___ Provided material

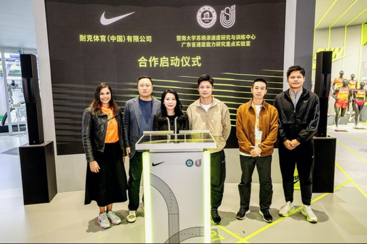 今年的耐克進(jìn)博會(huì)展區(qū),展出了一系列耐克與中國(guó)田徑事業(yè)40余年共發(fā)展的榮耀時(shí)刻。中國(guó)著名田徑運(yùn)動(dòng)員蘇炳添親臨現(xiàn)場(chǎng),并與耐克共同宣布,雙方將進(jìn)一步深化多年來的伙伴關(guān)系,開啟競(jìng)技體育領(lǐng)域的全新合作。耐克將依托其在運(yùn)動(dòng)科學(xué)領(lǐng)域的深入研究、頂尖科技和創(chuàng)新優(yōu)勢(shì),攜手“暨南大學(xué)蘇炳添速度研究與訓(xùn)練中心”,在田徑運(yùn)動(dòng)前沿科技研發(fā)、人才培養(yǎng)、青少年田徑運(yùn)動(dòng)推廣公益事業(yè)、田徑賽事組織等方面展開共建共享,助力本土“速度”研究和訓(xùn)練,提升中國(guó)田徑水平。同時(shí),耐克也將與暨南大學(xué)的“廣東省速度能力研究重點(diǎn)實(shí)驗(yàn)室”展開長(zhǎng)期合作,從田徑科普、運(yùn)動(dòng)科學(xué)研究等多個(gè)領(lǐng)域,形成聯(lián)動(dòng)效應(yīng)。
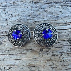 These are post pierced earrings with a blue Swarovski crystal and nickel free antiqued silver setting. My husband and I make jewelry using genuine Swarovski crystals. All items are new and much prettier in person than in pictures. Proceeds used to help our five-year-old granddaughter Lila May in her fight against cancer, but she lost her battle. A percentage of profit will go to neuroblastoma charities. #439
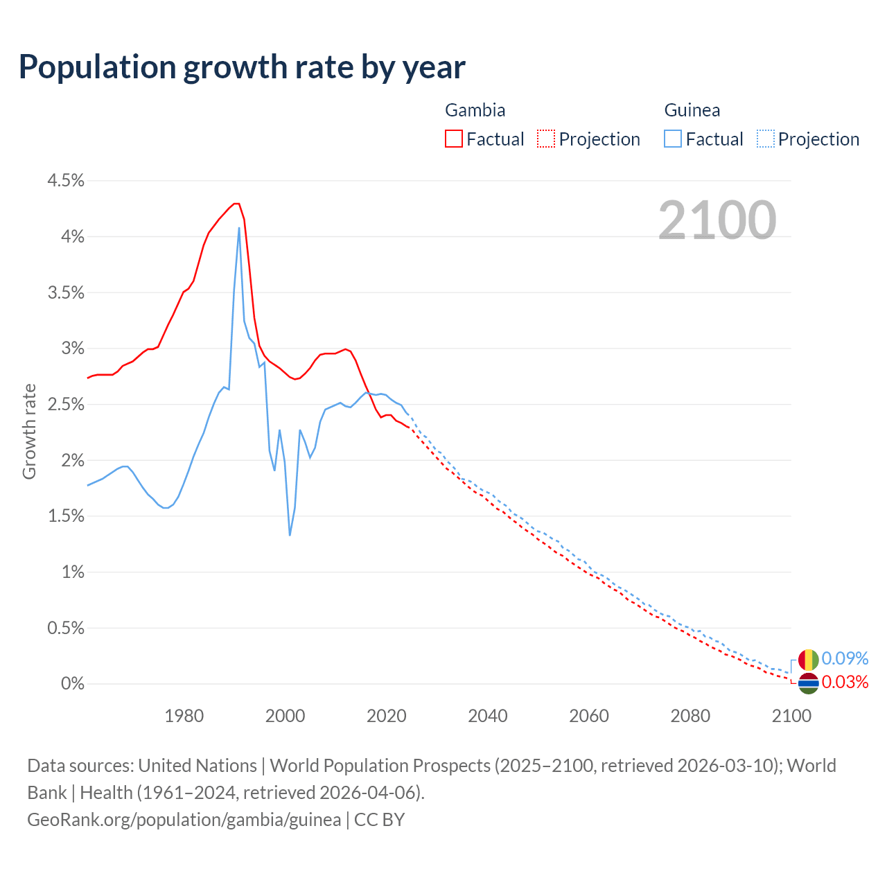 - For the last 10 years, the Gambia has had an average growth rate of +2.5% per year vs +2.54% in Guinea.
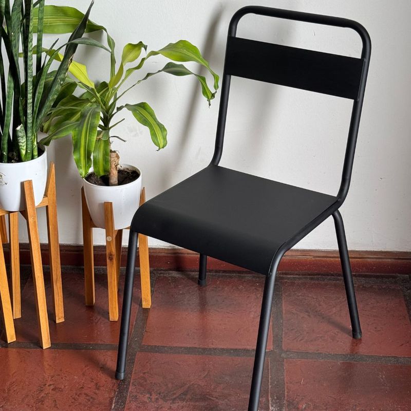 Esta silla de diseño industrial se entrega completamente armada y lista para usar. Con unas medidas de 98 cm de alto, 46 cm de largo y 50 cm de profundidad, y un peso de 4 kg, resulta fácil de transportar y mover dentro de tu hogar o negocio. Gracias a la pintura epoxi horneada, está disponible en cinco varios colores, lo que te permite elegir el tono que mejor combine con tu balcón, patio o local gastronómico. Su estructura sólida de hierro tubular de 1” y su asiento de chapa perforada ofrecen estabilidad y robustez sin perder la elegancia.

______

> **Your instructions**
At the line containing "These are post", start reproducing exactly, and stop after the last line of the listing; include both ends, and leave the pictures out.

> **Answer to this problem**
 These are post pierced earrings with a blue Swarovski crystal and nickel free antiqued silver setting. My husband and I make jewelry using genuine Swarovski crystals. All items are new and much prettier in person than in pictures. Proceeds used to help our five-year-old granddaughter Lila May in her fight against cancer, but she lost her battle. A percentage of profit will go to neuroblastoma charities. #439
 - For the last 10 years, the Gambia has had an average growth rate of +2.5% per year vs +2.54% in Guinea.
 Esta silla de diseño industrial se entrega completamente armada y lista para usar. Con unas medidas de 98 cm de alto, 46 cm de largo y 50 cm de profundidad, y un peso de 4 kg, resulta fácil de transportar y mover dentro de tu hogar o negocio. Gracias a la pintura epoxi horneada, está disponible en cinco varios colores, lo que te permite elegir el tono que mejor combine con tu balcón, patio o local gastronómico. Su estructura sólida de hierro tubular de 1” y su asiento de chapa perforada ofrecen estabilidad y robustez sin perder la elegancia.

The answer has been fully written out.